> **Data**:
------------------------------
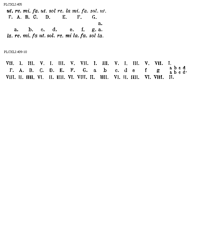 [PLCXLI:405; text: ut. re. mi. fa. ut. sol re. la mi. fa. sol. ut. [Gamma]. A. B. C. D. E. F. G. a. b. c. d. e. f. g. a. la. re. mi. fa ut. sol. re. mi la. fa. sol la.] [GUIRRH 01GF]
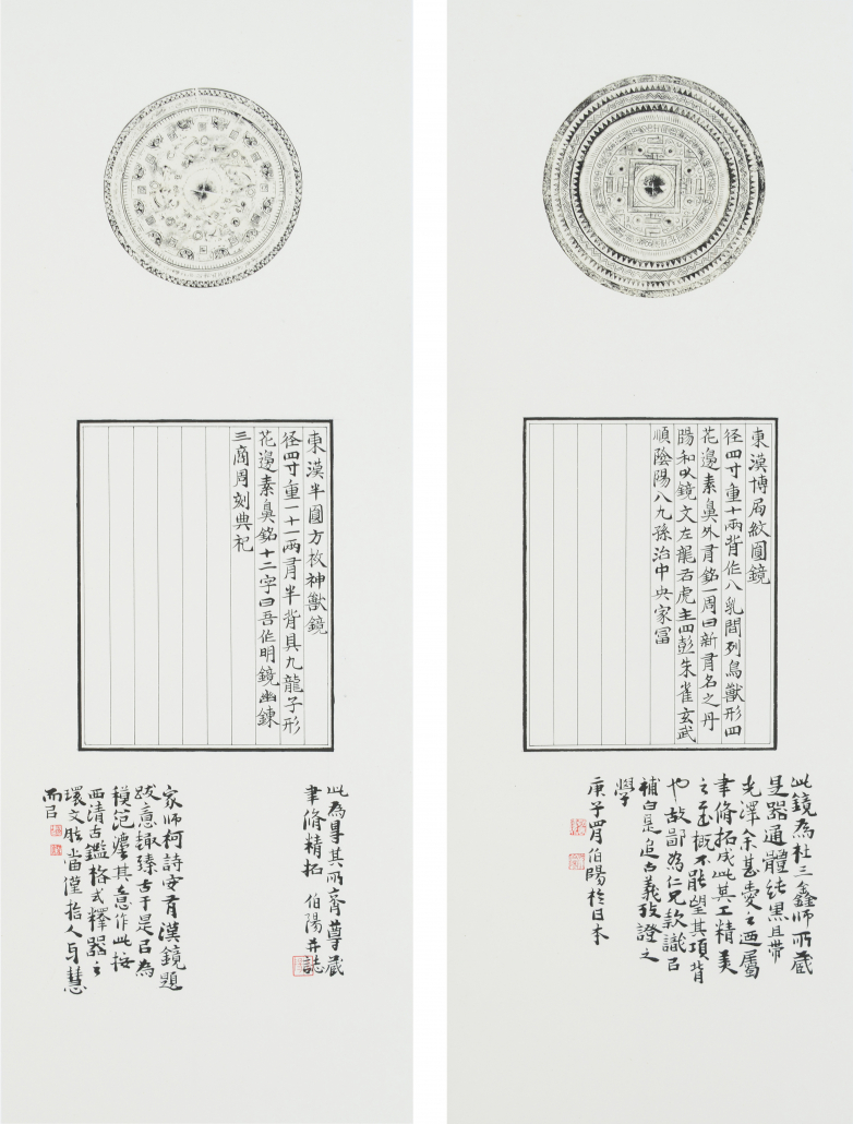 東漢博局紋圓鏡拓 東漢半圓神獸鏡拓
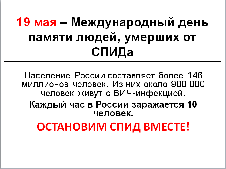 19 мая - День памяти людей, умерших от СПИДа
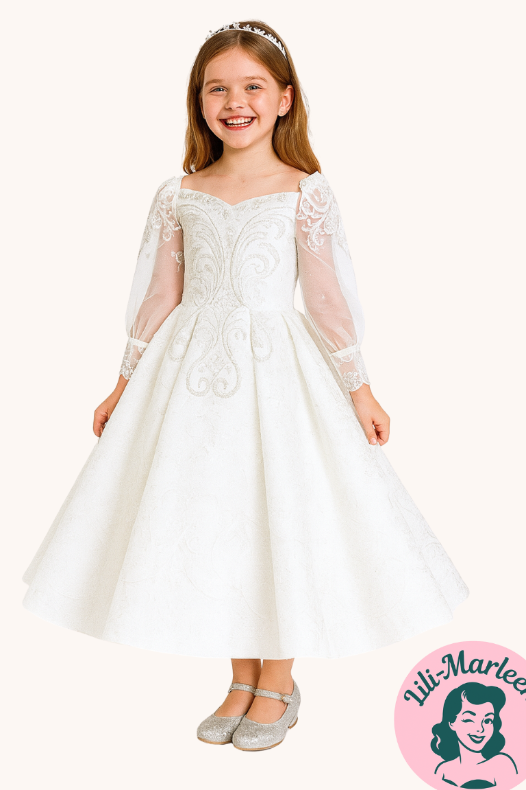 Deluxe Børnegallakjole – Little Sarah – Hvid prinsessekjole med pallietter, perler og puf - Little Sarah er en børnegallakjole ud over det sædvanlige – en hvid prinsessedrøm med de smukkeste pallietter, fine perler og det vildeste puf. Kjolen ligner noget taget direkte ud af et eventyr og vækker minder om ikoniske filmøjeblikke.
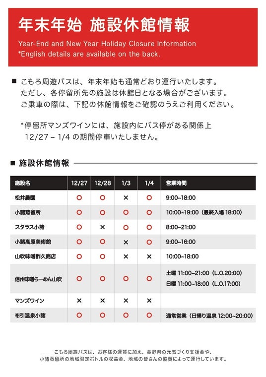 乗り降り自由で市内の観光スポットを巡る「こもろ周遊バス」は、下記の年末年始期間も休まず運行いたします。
------------------------------
> **Exercise details**: Give the listing again word for word. Skip any pictures.

> **Solution to the problem**:
 [PLCXLI:405; text: ut. re. mi. fa. ut. sol re. la mi. fa. sol. ut. [Gamma]. A. B. C. D. E. F. G. a. b. c. d. e. f. g. a. la. re. mi. fa ut. sol. re. mi la. fa. sol la.] [GUIRRH 01GF]
 東漢博局紋圓鏡拓 東漢半圓神獸鏡拓
 19 мая - День памяти людей, умерших от СПИДа
 Deluxe Børnegallakjole – Little Sarah – Hvid prinsessekjole med pallietter, perler og puf - Little Sarah er en børnegallakjole ud over det sædvanlige – en hvid prinsessedrøm med de smukkeste pallietter, fine perler og det vildeste puf. Kjolen ligner noget taget direkte ud af et eventyr og vækker minder om ikoniske filmøjeblikke.
 乗り降り自由で市内の観光スポットを巡る「こもろ周遊バス」は、下記の年末年始期間も休まず運行いたします。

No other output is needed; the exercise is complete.